Contributory Negligence in Maryland

Maryland is one of five jurisdictions in the United States (along with Virginia, Washington D.C., Alabama, and North Carolina) that continues the continues to use contributory negligence instead of comparative negligence. Under the majority rule doctrine of comparative negligence, when both the accident victim and the defendant contributed to a loss by failing to exercise the required degree of care, fault is relatively apportioned by the accident victim and the defendant(s). Accordingly, the damages awarded to the accident victim are decreased in direct proportion to her own negligence. For example, if the jury found that the accident victim's damages were worth $500,000 but felt that the plaintiff was 20% at fault for the accident, the jury award would be effectively $400,000.

The contributory negligence standard we use in Maryland is more harsh to injury victims and creates real challenges for Maryland personal injury lawyers seeking justice for their clients. Under this rule, the accident victim's failure to exercise due care which contributes even in the slightest way to plaintiff injuries is an absolute bar to recovery. Under the example above, even if the jury believe the plaintiff was only 1% at fault for her injuries, she would be completely barred from a recover.

The Maryland Court of Appeals adopted the doctrine of contributory negligence in1847 in Irwin v.

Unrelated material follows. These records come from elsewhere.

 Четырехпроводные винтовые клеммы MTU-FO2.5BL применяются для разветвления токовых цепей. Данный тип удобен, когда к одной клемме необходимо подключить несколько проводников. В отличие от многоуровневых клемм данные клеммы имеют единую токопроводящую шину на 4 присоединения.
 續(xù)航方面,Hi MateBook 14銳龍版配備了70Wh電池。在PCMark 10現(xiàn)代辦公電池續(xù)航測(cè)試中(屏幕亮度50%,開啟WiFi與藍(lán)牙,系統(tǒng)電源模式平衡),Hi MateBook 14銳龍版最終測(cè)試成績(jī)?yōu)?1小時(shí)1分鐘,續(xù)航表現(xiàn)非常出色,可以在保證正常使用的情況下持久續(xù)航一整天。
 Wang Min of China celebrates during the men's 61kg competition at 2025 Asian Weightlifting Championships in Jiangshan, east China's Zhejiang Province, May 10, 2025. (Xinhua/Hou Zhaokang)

Sprigg. In 1966, Maryland adopted the Second Restatement of Torts' definition of contributory negligence. The Restatement defines contributory negligence as "the conduct on the part of the plaintiff which falls below the standard to which he should conform for his own protection, and which is a legally contributing cause co-operating with the negligence of the defendant. . . . ."

Personal injury lawyers in Maryland representing accident victims have sought and been denied relief from the harsh effect of the contributory negligence rule for years by the Maryland legislature. In 1868, Maryland Court of Appeals adopted the last clear chance doctrine, allowing recovery by accident victim, who otherwise would be barred for recovery under the contributory negligence doctrine, if the defendant had the last chance to avoid the accident.

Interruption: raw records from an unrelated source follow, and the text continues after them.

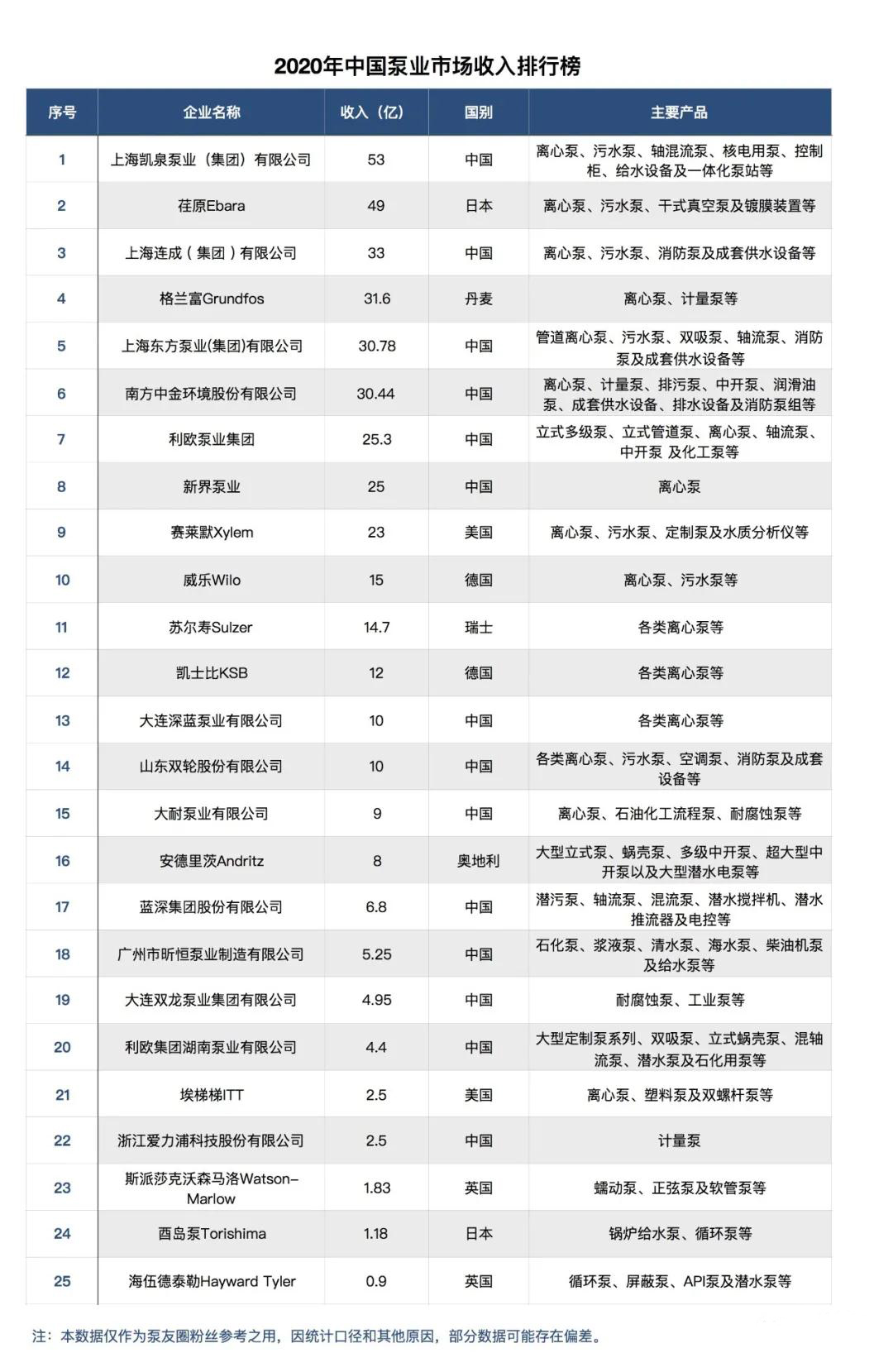 2020年中國泵業(yè)市場(chǎng)收入排行榜
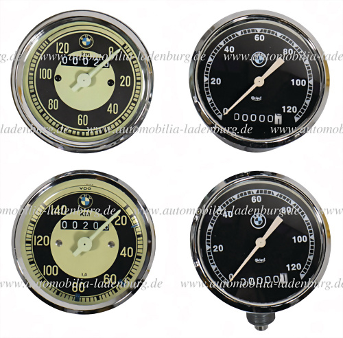 Konvolut 4tlg. an Motorrad-Tachometern BMW, darunter VDO 0-140km/h (1486/92), VDO 0-120km/h ('94), 2x Veigel 0-120km/h, nicht auf Funktionalität geprüft
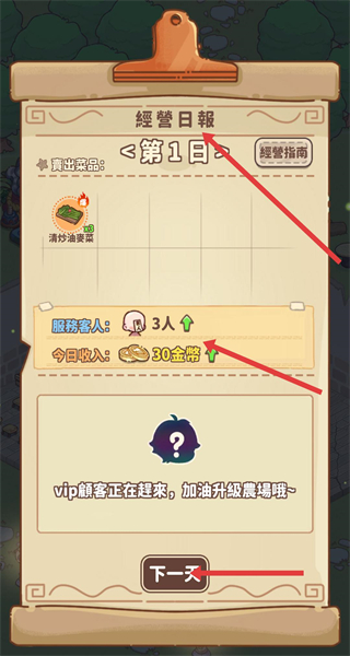 2、經(jīng)營日報(bào)看服務(wù)客人收入數(shù)據(jù)少的話優(yōu)化流程,裝飾升級(jí)吸引更多客備足食材加快出菜,員工分工明確點(diǎn)下一天前清完當(dāng)日任務(wù)領(lǐng)滿獎(jiǎng)勵(lì)。
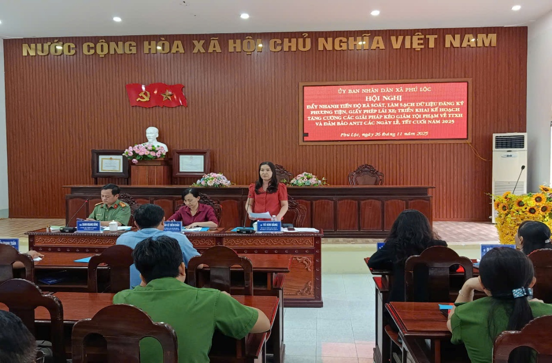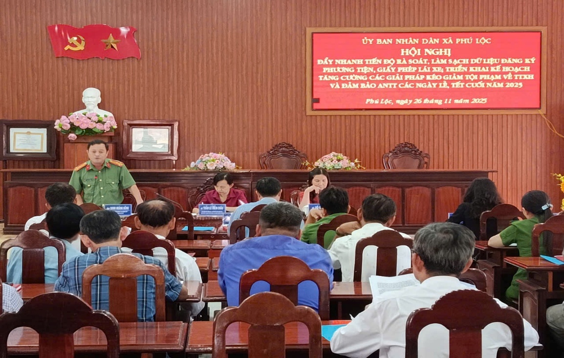 Ngày 26/11/2025, Công an xã Phú Lộc đã tham mưu Ủy ban nhân dân xã tổ chức Hội nghị đánh giá kết quả tổng rà soát và làm sạch dữ liệu đăng ký phương tiện, giấy phép lái xe, đồng thời triển khai kế hoạch tăng cường các giải pháp phòng ngừa tội phạm về trật tự xã hội, đảm bảo an ninh, trật tự các ngày lễ, tết cuối năm 2025.
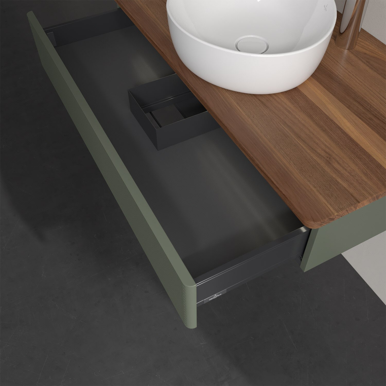 - kein Umfallen oder Verrutschen von Pflegeprodukten in den Schubladen dank rutschhemmendem Boden
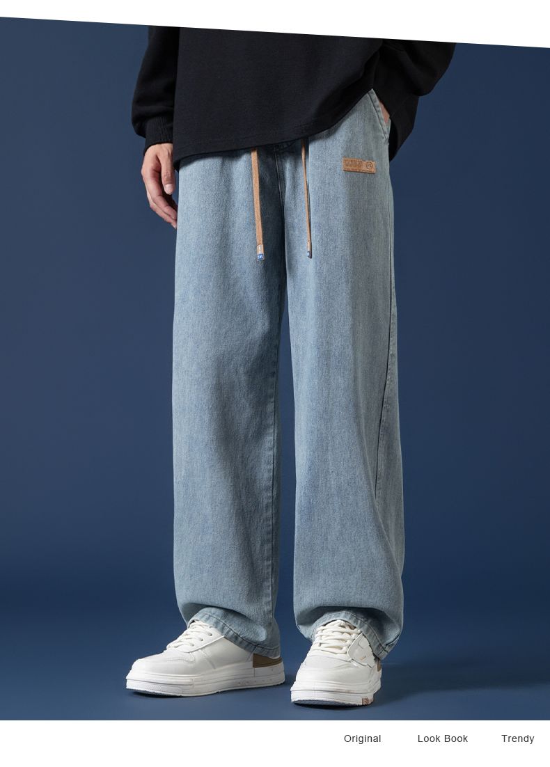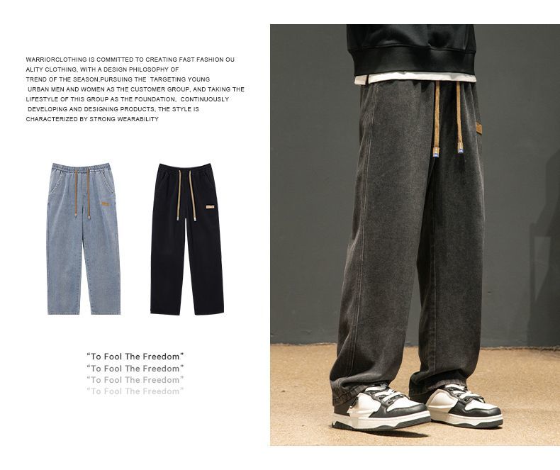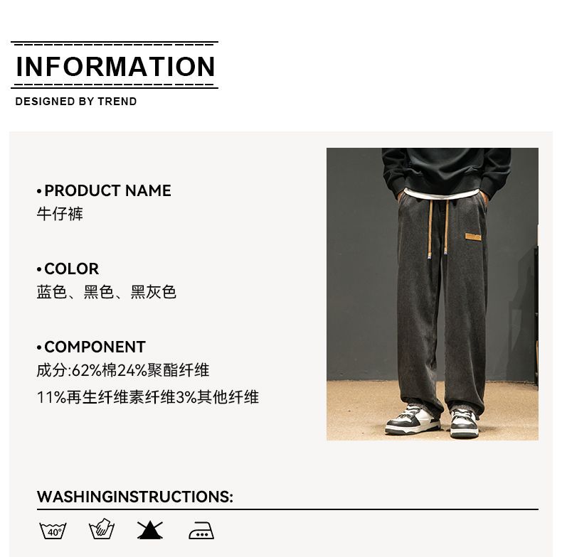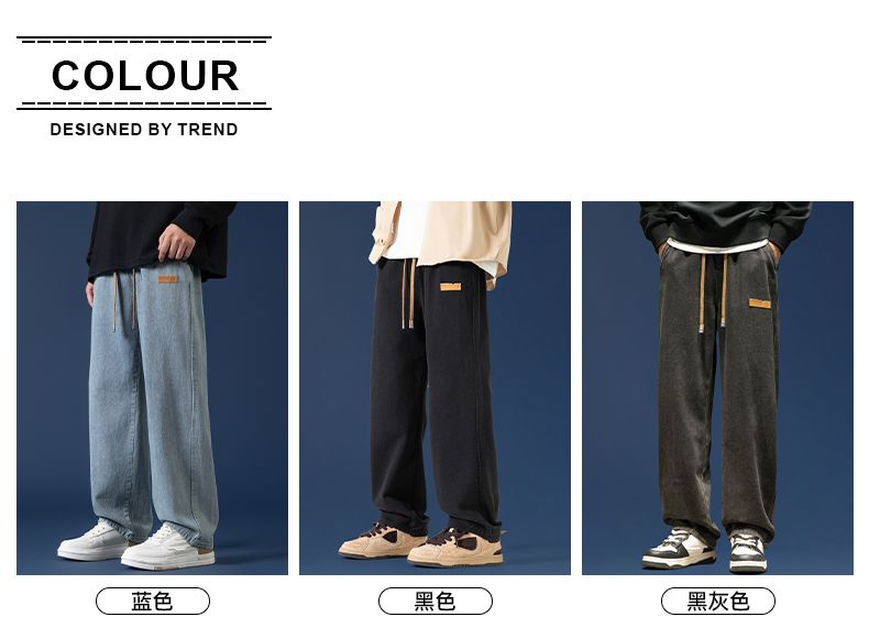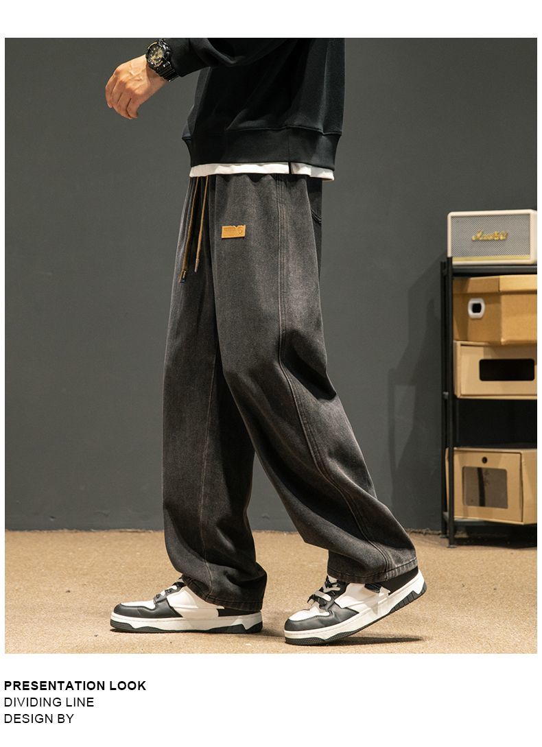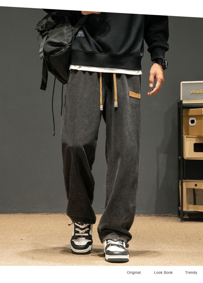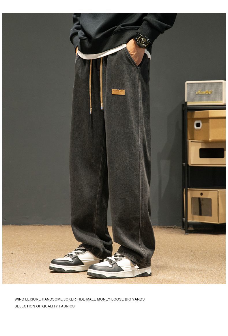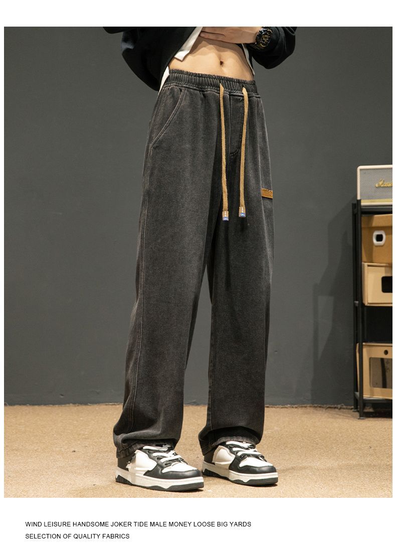 回力牛仔裤男秋冬款2024新款加绒美式高街休闲长裤宽松直筒裤子男

The doctrine of the "last clear chance," which is that where the accident victim has through her own negligence placed herself in danger of injury at the hands of another which she is unable to prevent, that if the other knows or should know of his peril in time to avoid injuring him, and she fails to exercise reasonable care to do so, she is guilty of actionable negligence. The basis of the doctrine of last clear chance is that the defendant has actual knowledge, or is under some legal duty that charges him with knowledge:

(1) that if he persists in a course which he is pursuing it will result in injury to another,

(2) which the other cannot, because of ignorance or disability, be reasonably expected to avoid,

(3) when the actor either has or is chargeable with that knowledge in time by the exercise of ordinary care to avoid injuring the plaintiff, but

(4) fails to do so.

In other words, the defendant is negligent, the accident victim is contributorily negligent and the plaintiff makes "a showing of something new or sequential, which affords the defendant a fresh opportunity (of which he fails to avail himself) to avert the consequences of his original negligence." Nationwide Mutual insurance. v. Anderson, 160 Md. App. 348, 356 (1995).